As I wrote at the time, the painting invited multiple interpretations. It might have been “a sincere acknowledgment of the medical intervention that saved his life, the surgery and the drugs and the rehab that brought him back for an exquisitely leaner, more potent second chance.” It might have been a righteous, arrogant fuck-you to his accusers and enemies, the “trolls” he despised and belittled with open hatred.

“Or finally,” I added, “could it be a dark joke? If Lance has secretly managed to dope all these years—a myth as unkillable as the one about the ruthless efficiency of the CIA—the Ruscha painting is just about the most cynical gesture imaginable, a true leap into the moral abyss”.

The rest of the article is the afore-mentioned heartfelt mea culpa from Hal Espen, the former editor of Outside magazine “from 1999 to 2006, a period that almost exactly overlapped Lance Armstrong’s seven consecutive Tour de France victories”. Espen writes that 

“Outside had enthusiastically covered Armstrong’s compelling story from the start… I recall how colleagues who knew much more about cycling than I did were convinced that Armstrong was guilty of doping”. 
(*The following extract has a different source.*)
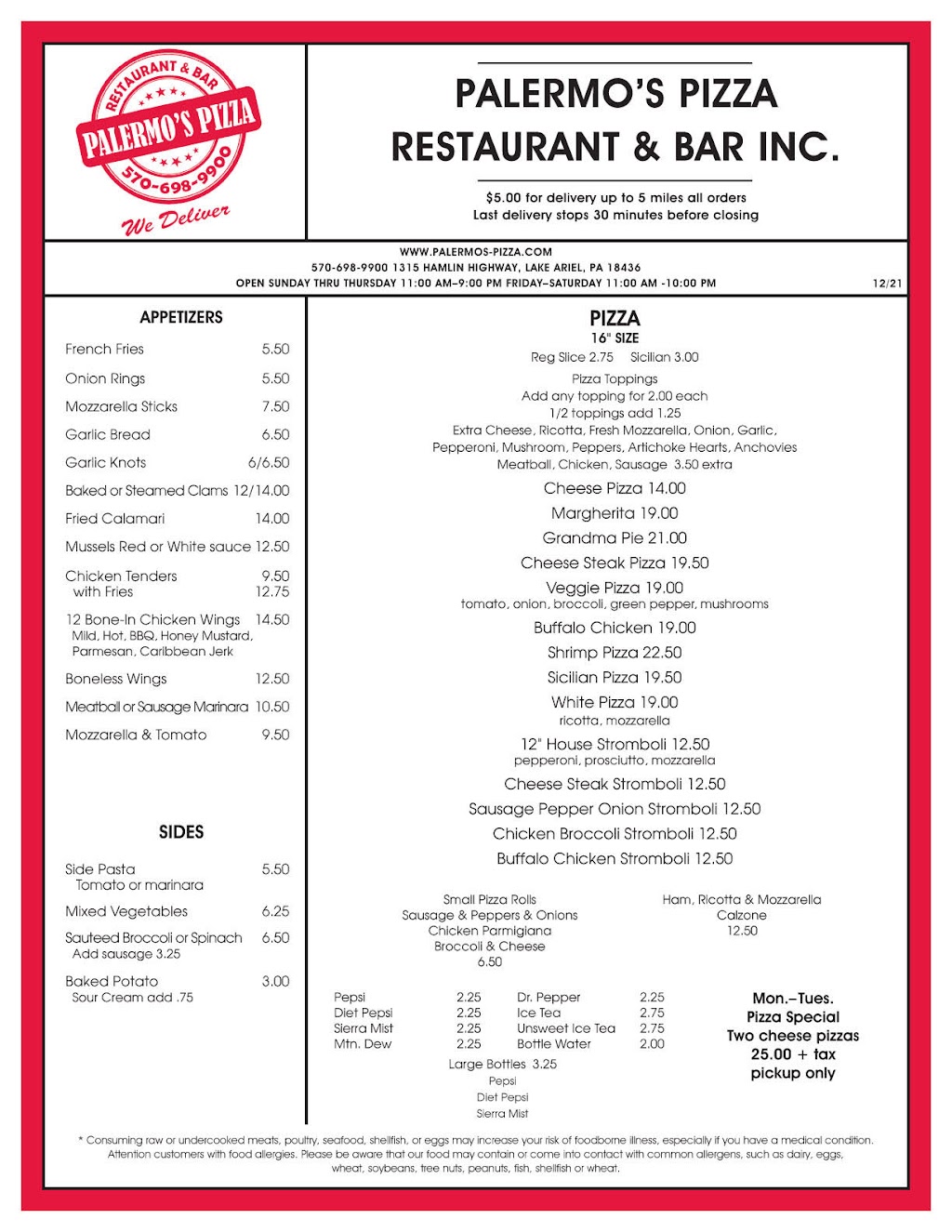 Ordered a Sicilian pizza for delivery. The Sicilian pie is the definitely the best value on the menu! Best sauce in the area, well cooked and the pie was delivered hot.
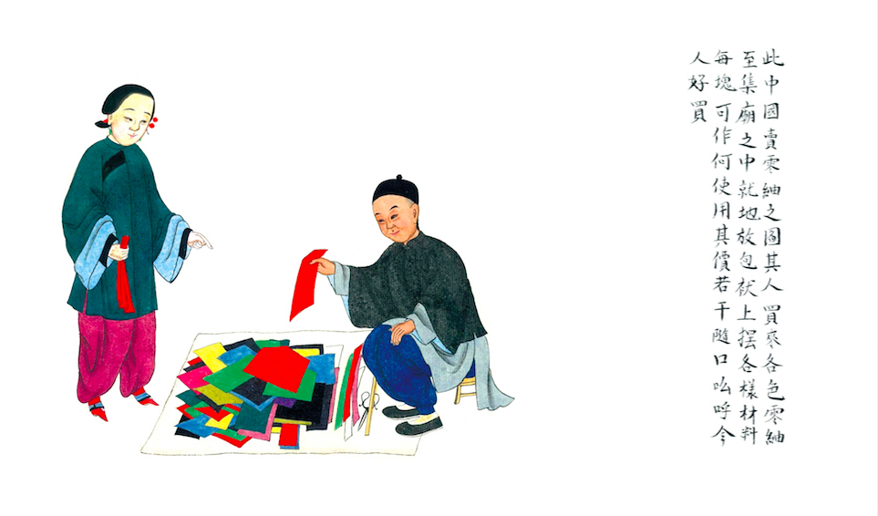 其人在各处买来各色零绸,至集庙之中,就地铺包袱上摆各色材料,每块可做何使用,其价若干,随口便讲,令人好买。

I had great difficulty believing Armstrong could be so ethically depraved and reckless, so delusionally invested in denying that a Faustian day of reckoning was coming. It was a failure of imagination on my part, and most excruciating of all, a bet on a losing proposition: that Lance Armstrong would never viciously inflict such pain and betrayal on kids, women, and guys with cancer, and their families, and every person he inspired, and every company that gave him money and trust. I feel a shock of self-recrimination as I try to reconcile my part in lionizing a man who, in hindsight, was almost certainly a cheat and a liar… For a long time, Lance Armstrong was a blue-chip investment, and Outside had a strong business interest in extolling him when he was winning and getting away with it”.

Armstrong’s continuing silence in the face of overwhelming evidence and near-universal opprobrium is disturbing and haunting… but I also save a small, bitter dose of shame for myself”.

After all, Armstrong had conned Espen (along with a herd-like majority of the public, despite the loud exhortations of a vocal minority) by hiding The Truth in plain sight, making it abundantly & visually clear that this was a story about Safe – and very Effective – Medication:

Ed Ruscha, Safe and Effective Medication, 2001

History may not repeat itself, but it most certainly rhymes.